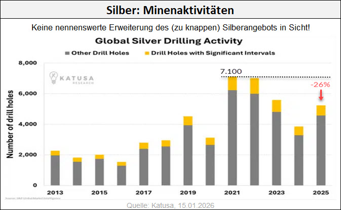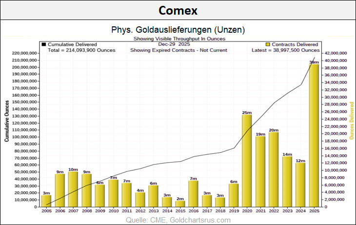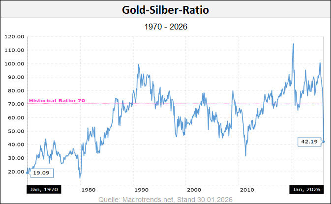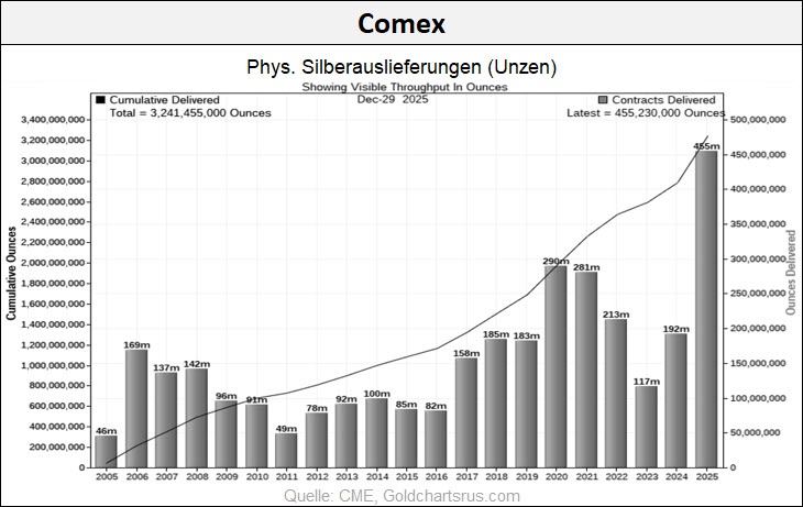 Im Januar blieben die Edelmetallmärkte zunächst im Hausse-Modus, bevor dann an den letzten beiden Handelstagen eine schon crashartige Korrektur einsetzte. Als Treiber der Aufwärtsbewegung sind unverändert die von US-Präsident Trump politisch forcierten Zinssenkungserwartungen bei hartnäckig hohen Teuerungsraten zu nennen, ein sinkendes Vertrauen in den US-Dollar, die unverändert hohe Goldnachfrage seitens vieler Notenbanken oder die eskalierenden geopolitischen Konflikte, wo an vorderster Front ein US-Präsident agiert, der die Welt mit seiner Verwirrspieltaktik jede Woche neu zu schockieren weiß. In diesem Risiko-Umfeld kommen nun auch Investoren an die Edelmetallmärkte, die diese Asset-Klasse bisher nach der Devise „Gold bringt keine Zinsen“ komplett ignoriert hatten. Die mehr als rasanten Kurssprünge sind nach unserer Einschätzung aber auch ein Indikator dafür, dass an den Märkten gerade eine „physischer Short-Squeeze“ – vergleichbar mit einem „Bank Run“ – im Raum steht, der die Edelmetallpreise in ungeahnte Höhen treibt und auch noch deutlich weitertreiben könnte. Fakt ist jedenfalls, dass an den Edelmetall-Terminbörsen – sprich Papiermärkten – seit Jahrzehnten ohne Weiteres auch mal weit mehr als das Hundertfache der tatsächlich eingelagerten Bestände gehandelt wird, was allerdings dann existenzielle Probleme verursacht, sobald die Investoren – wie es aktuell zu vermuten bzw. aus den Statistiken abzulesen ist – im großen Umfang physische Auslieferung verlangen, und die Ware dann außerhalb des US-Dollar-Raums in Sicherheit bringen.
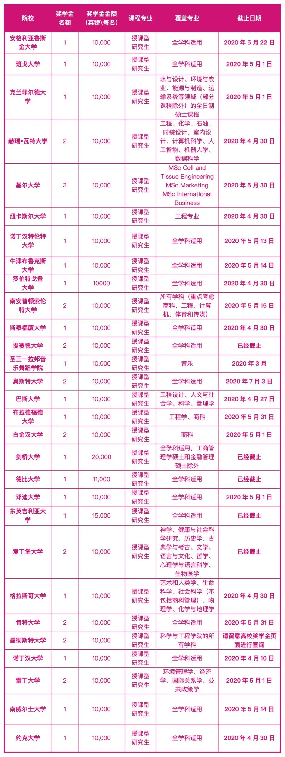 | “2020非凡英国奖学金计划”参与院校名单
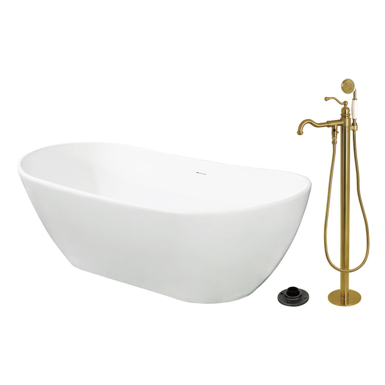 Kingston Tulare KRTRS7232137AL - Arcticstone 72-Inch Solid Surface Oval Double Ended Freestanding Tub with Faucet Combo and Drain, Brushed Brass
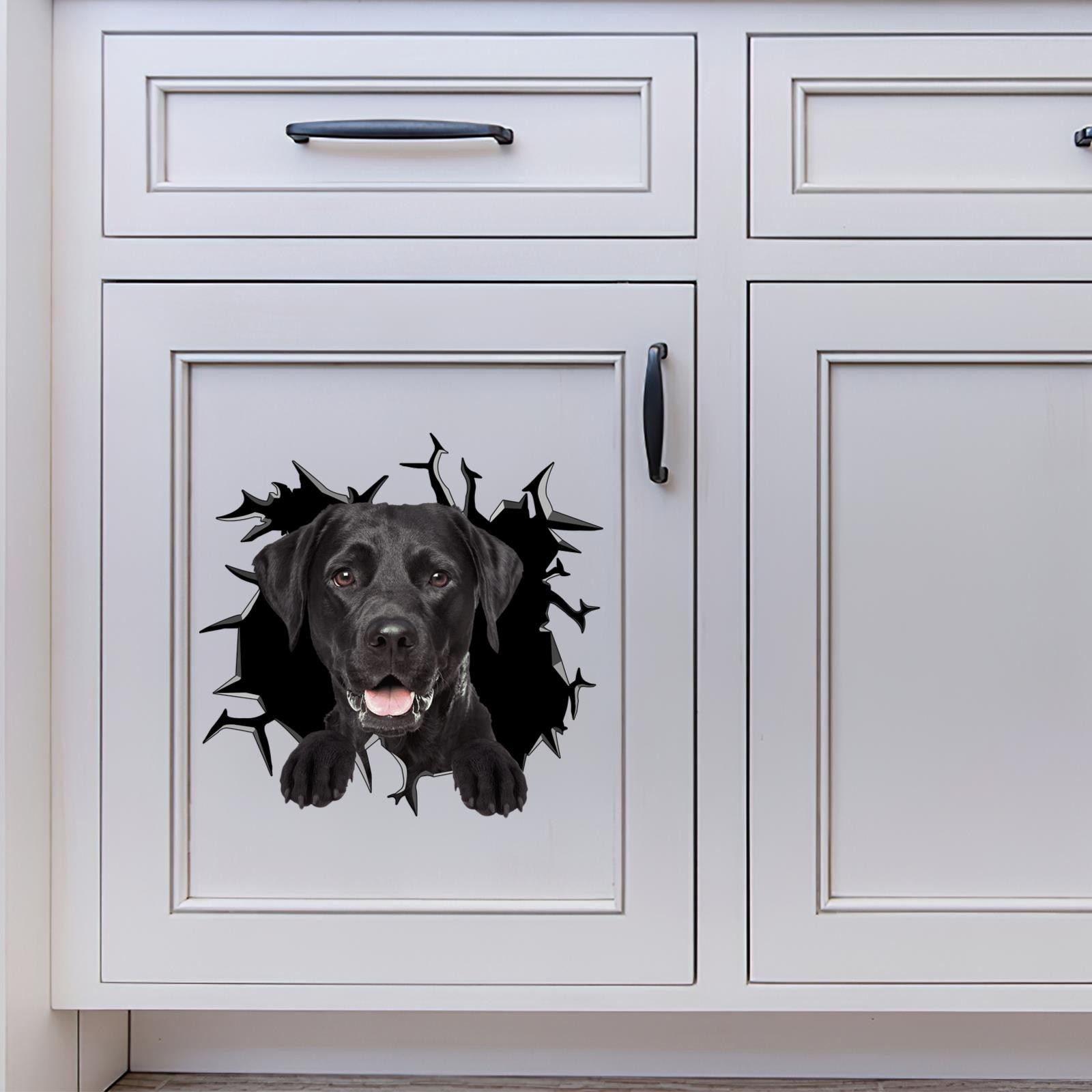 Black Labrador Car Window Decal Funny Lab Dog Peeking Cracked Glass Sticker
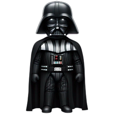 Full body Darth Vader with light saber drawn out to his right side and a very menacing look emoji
**********
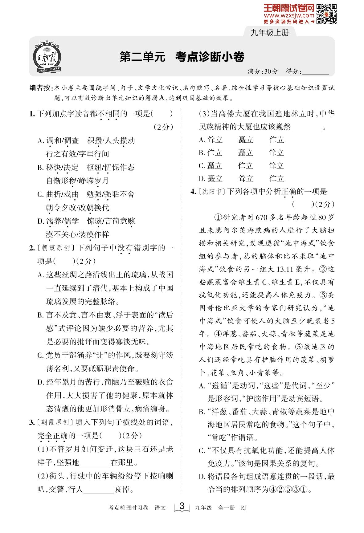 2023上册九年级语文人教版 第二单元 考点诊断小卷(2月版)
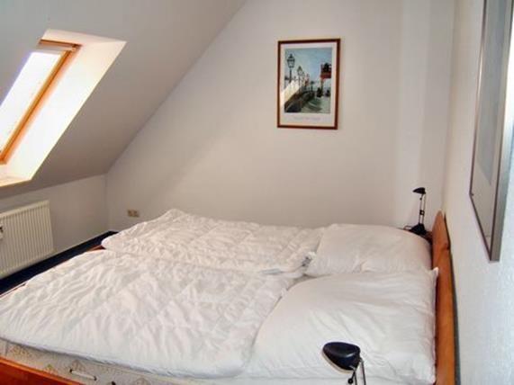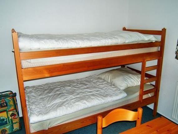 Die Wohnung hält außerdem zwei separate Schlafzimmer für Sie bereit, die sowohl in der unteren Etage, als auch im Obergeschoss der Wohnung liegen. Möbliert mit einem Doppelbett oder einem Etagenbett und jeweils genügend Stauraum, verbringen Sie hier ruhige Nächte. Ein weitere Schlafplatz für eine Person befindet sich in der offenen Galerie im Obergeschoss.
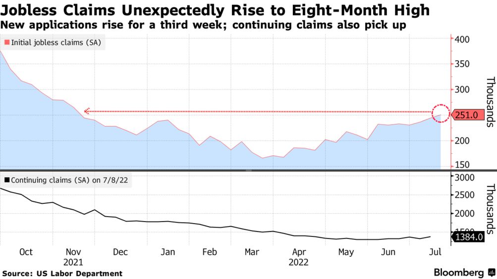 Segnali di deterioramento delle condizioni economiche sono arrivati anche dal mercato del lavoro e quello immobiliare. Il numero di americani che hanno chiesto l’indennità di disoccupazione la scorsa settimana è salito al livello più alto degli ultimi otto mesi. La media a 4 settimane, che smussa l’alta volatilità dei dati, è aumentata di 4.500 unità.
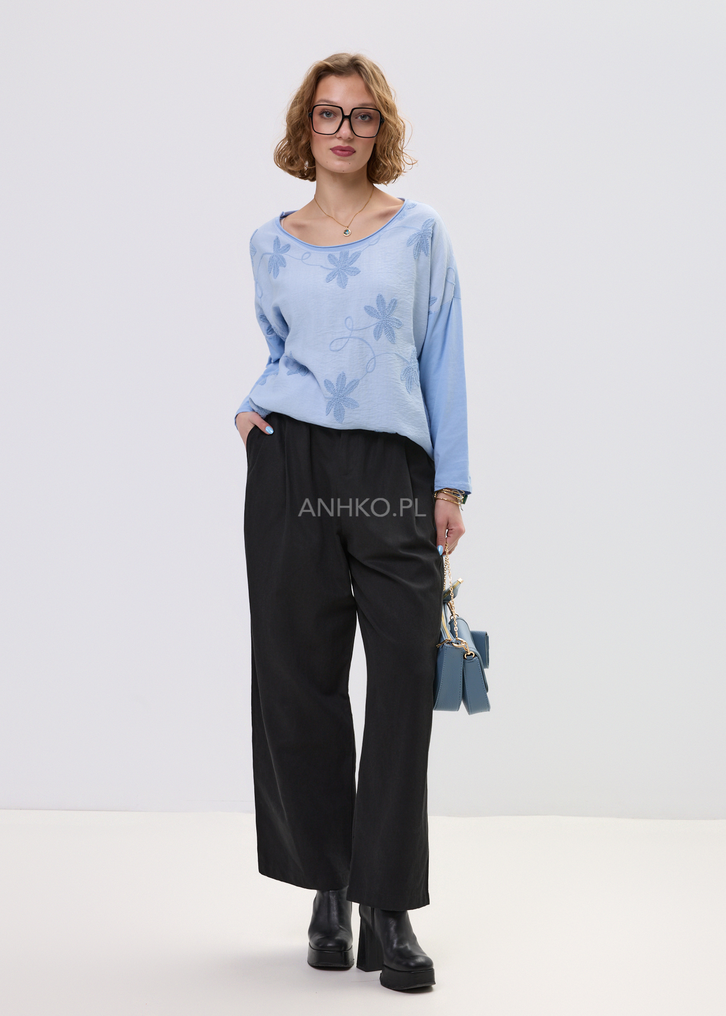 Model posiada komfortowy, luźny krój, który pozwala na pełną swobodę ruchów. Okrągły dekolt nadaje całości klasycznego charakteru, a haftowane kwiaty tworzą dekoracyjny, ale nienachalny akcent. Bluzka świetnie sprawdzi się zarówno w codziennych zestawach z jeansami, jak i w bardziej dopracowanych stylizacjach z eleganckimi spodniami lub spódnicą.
**********
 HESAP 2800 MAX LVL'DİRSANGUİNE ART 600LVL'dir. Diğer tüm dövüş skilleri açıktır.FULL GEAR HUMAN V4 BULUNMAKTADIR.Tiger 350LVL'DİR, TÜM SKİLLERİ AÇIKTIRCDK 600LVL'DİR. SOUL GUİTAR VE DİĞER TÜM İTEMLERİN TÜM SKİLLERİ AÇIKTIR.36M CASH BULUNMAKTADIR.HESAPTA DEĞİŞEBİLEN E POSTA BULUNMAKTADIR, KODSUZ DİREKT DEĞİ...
**********
What the task requires: From the entries above, copy exactly the lines starting at the one with "Kingston Tulare KRTRS7232137AL" and stopping at the one with "Full body Darth", keeping both ends. Drop the pictures.

Worked solution:
 Kingston Tulare KRTRS7232137AL - Arcticstone 72-Inch Solid Surface Oval Double Ended Freestanding Tub with Faucet Combo and Drain, Brushed Brass
 Black Labrador Car Window Decal Funny Lab Dog Peeking Cracked Glass Sticker
 Full body Darth Vader with light saber drawn out to his right side and a very menacing look emoji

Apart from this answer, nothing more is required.